Examples that illustrate most avoidance (top) and least avoidance (bottom) of 2-lane highways by Canada lynx based on GPS locations, western Colorado. Night locations (20:00 h–06:00 h) are shown in blue, while day locations (07:00 h–19:00 h) are shown in yellow. Even the individual exhibiting most highway avoidance (top) frequently used habitats immediately adjacent to the road. (For interpretation of the references to color in this figure legend, the reader is referred to the web version of this article.)
Three
of 5 lynx with adjacent home ranges crossed the four-lane interstate
I-70 on 25 occasions. These crossings provided important anecdotal
observations of behavior associated with crossing a high traffic volume
highway, but the number of observations was insufficient for statistical
evaluation with a resource selection function. These lynx mostly
crossed I-70 near first- and second-order stream tributaries where
eastbound interstate lanes were elevated by bridges 75–100 m long and
15–25 m in height with continuous tall woody vegetation underneath. The
highway median between east and west-bound traffic in these areas was
approximately 150–200 m wide and included patches of forest cover.

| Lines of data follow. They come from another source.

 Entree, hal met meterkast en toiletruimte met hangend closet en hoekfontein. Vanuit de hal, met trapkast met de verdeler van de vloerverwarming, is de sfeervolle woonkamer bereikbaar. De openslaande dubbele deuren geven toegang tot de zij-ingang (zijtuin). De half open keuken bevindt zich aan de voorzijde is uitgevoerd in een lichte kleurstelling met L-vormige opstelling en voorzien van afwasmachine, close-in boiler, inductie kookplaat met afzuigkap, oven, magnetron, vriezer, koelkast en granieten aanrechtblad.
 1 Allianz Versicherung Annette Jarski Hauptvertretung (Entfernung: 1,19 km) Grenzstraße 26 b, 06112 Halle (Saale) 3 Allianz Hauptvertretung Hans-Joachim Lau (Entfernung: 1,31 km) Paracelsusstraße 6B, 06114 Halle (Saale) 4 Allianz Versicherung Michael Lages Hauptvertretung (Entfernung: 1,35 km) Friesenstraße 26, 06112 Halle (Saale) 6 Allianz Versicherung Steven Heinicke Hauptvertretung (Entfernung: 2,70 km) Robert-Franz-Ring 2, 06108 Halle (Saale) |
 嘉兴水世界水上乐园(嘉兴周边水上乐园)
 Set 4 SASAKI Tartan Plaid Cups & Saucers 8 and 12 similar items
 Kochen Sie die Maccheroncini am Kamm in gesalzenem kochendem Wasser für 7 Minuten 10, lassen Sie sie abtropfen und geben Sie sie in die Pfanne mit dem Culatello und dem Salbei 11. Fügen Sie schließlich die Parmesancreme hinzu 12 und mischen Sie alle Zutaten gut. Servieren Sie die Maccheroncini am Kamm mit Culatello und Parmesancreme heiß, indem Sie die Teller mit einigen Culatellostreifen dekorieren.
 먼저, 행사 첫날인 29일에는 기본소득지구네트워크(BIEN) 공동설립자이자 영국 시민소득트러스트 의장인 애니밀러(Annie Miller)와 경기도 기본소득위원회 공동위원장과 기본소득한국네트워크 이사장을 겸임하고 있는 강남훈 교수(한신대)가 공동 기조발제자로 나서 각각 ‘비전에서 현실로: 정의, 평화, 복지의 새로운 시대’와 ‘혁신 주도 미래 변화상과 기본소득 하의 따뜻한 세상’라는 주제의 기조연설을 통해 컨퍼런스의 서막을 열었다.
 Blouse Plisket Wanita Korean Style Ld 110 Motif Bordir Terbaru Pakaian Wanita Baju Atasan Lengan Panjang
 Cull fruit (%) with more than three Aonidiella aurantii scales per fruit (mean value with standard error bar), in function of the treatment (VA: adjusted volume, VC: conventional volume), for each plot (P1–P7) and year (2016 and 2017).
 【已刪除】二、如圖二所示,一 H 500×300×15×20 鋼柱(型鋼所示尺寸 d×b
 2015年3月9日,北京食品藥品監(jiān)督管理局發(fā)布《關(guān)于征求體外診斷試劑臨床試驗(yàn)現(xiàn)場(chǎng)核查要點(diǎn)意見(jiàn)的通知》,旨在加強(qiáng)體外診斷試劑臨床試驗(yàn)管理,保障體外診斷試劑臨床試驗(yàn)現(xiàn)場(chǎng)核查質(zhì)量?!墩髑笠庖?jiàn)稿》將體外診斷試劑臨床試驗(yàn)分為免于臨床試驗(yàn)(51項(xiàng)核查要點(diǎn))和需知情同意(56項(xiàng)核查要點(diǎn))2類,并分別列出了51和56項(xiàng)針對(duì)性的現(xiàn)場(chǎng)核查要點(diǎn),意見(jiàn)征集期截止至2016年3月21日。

Although traffic averaged approximately 1200 vehicles/hr during the day,
volume was reduced to <200 vehicles/hr between 0100 h and 0500 h (Colorado Department of Transportation, 2014).
Seven of 25 crossings occurred during this 0100–0500 h period of low
traffic, while 9 crossings occurred during other dark hours. Snow
tracking data from an independent data set of lynx not included in this
study indicated that lynx successfully crossed I-70 on at least three
occasions, all about 30 km east of where collared individuals crossed.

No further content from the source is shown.